__Work task__.
In the entries below, find the line with "Green and white" and the line with "左边侧袋有双重搭扣,能够更好". Print those two and everything between them exactly, and nothing else.

__Provided information__.
━━━━━━

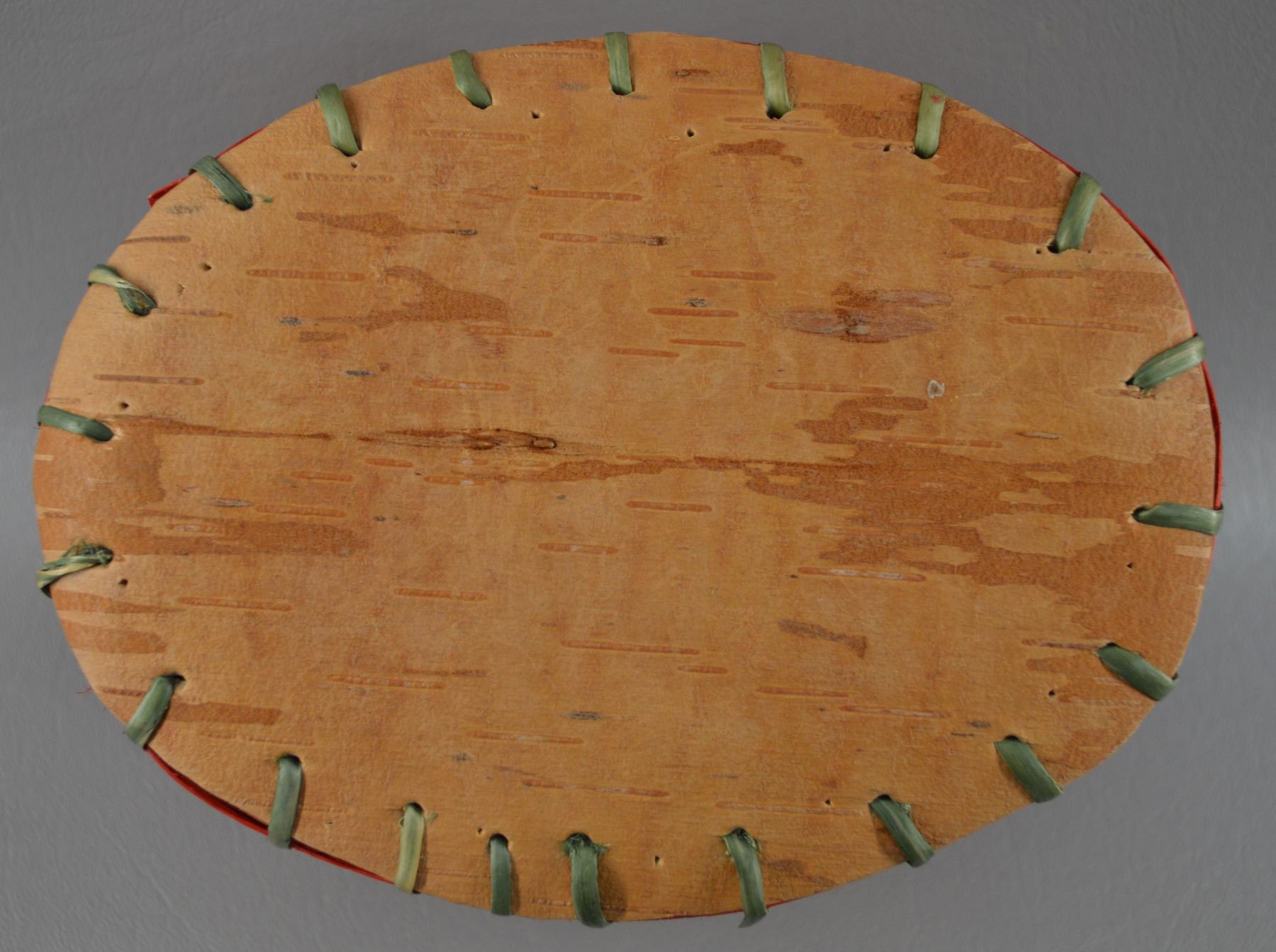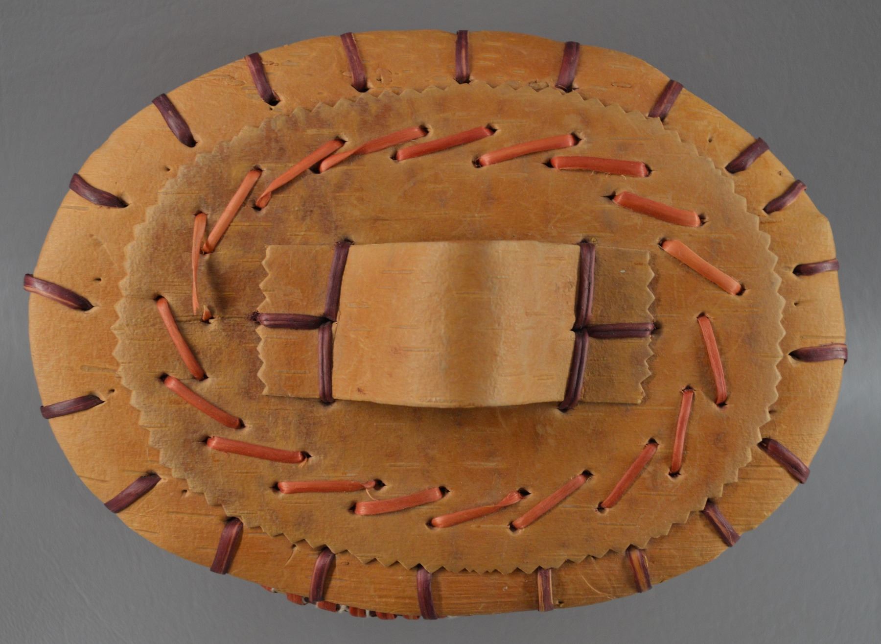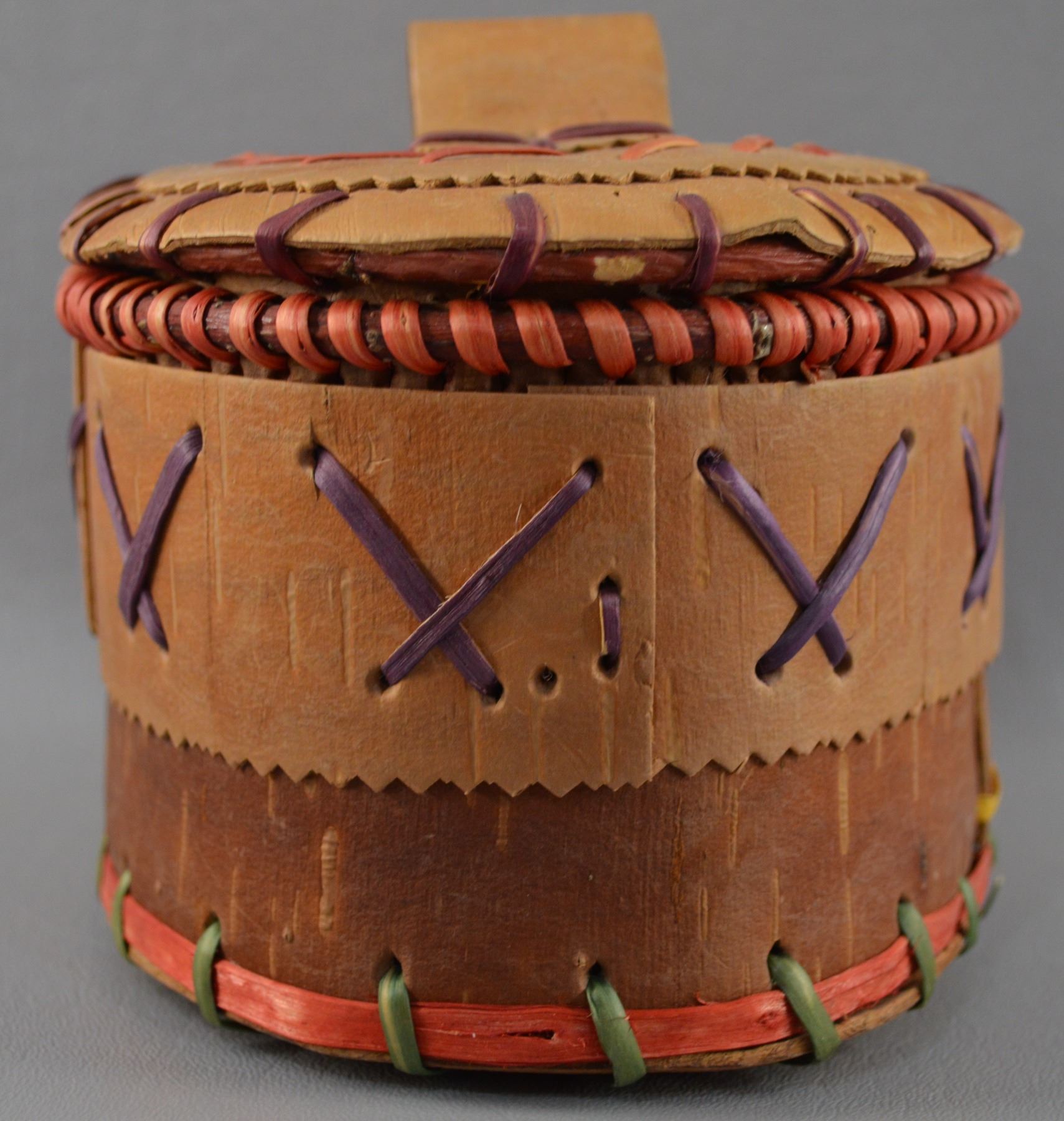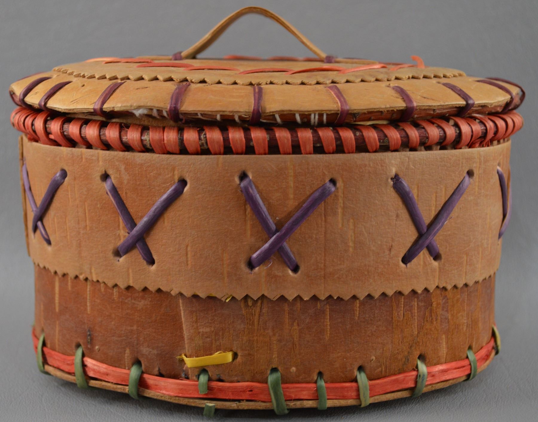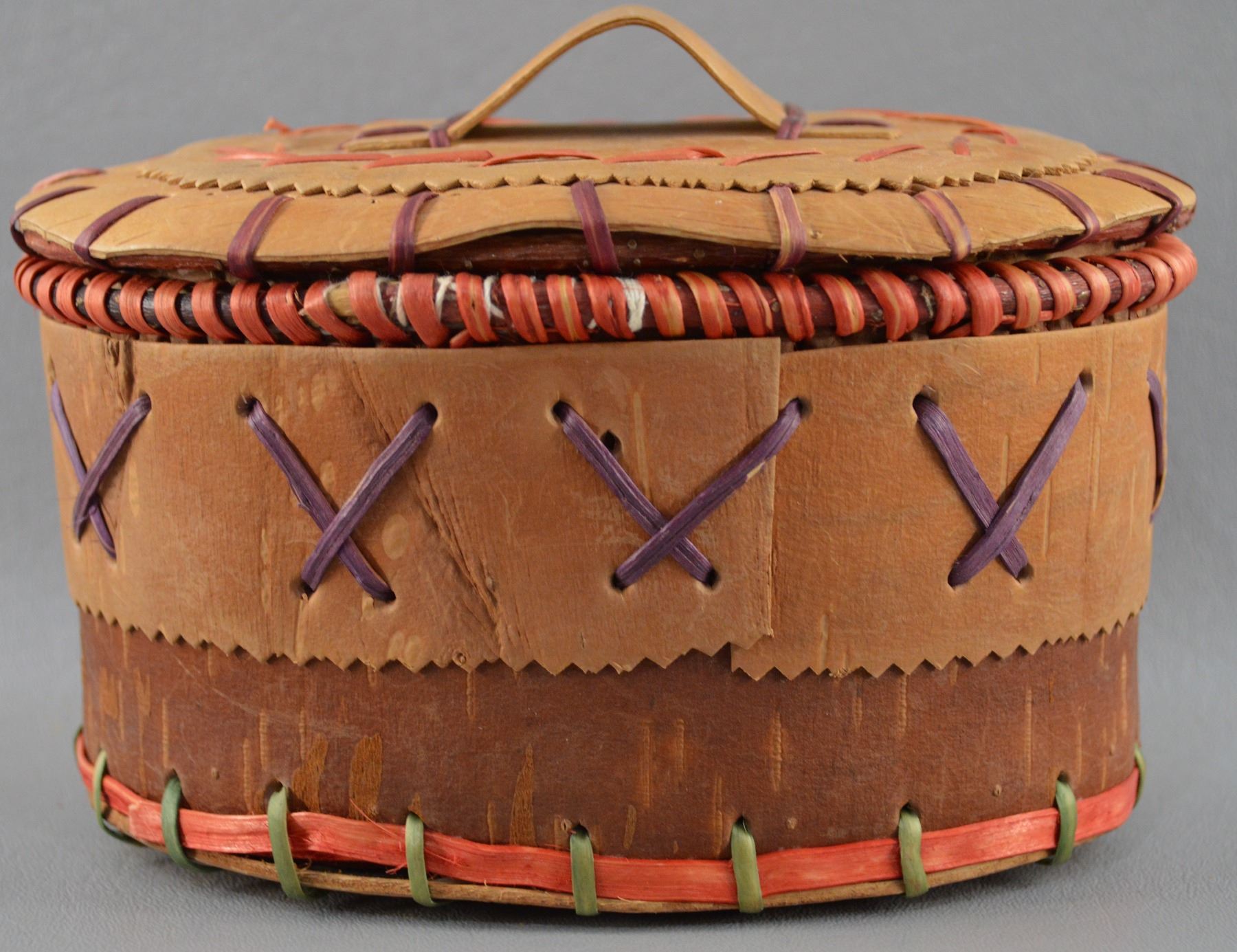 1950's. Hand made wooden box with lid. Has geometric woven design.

━━━━━━

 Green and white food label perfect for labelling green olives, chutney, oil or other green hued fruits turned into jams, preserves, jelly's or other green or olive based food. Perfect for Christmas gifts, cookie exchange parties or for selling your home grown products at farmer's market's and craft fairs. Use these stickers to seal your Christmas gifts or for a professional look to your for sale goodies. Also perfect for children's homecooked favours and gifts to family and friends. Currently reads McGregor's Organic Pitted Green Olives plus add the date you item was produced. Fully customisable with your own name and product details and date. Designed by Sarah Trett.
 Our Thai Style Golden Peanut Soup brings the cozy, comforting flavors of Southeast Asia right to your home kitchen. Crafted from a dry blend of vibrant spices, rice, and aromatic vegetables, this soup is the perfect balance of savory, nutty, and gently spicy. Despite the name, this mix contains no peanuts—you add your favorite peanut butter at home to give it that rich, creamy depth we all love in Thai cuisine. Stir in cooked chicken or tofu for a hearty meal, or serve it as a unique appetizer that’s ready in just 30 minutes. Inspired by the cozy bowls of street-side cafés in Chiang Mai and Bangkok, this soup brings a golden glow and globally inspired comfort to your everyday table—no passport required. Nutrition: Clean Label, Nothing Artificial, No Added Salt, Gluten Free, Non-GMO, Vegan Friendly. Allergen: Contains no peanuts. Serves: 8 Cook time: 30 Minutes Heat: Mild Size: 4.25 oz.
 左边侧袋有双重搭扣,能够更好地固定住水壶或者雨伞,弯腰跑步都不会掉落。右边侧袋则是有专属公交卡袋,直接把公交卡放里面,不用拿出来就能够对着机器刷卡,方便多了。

━━━━━━

__Output of the task__.
 Green and white food label perfect for labelling green olives, chutney, oil or other green hued fruits turned into jams, preserves, jelly's or other green or olive based food. Perfect for Christmas gifts, cookie exchange parties or for selling your home grown products at farmer's market's and craft fairs. Use these stickers to seal your Christmas gifts or for a professional look to your for sale goodies. Also perfect for children's homecooked favours and gifts to family and friends. Currently reads McGregor's Organic Pitted Green Olives plus add the date you item was produced. Fully customisable with your own name and product details and date. Designed by Sarah Trett.
 Our Thai Style Golden Peanut Soup brings the cozy, comforting flavors of Southeast Asia right to your home kitchen. Crafted from a dry blend of vibrant spices, rice, and aromatic vegetables, this soup is the perfect balance of savory, nutty, and gently spicy. Despite the name, this mix contains no peanuts—you add your favorite peanut butter at home to give it that rich, creamy depth we all love in Thai cuisine. Stir in cooked chicken or tofu for a hearty meal, or serve it as a unique appetizer that’s ready in just 30 minutes. Inspired by the cozy bowls of street-side cafés in Chiang Mai and Bangkok, this soup brings a golden glow and globally inspired comfort to your everyday table—no passport required. Nutrition: Clean Label, Nothing Artificial, No Added Salt, Gluten Free, Non-GMO, Vegan Friendly. Allergen: Contains no peanuts. Serves: 8 Cook time: 30 Minutes Heat: Mild Size: 4.25 oz.
 左边侧袋有双重搭扣,能够更好地固定住水壶或者雨伞,弯腰跑步都不会掉落。右边侧袋则是有专属公交卡袋,直接把公交卡放里面,不用拿出来就能够对着机器刷卡,方便多了。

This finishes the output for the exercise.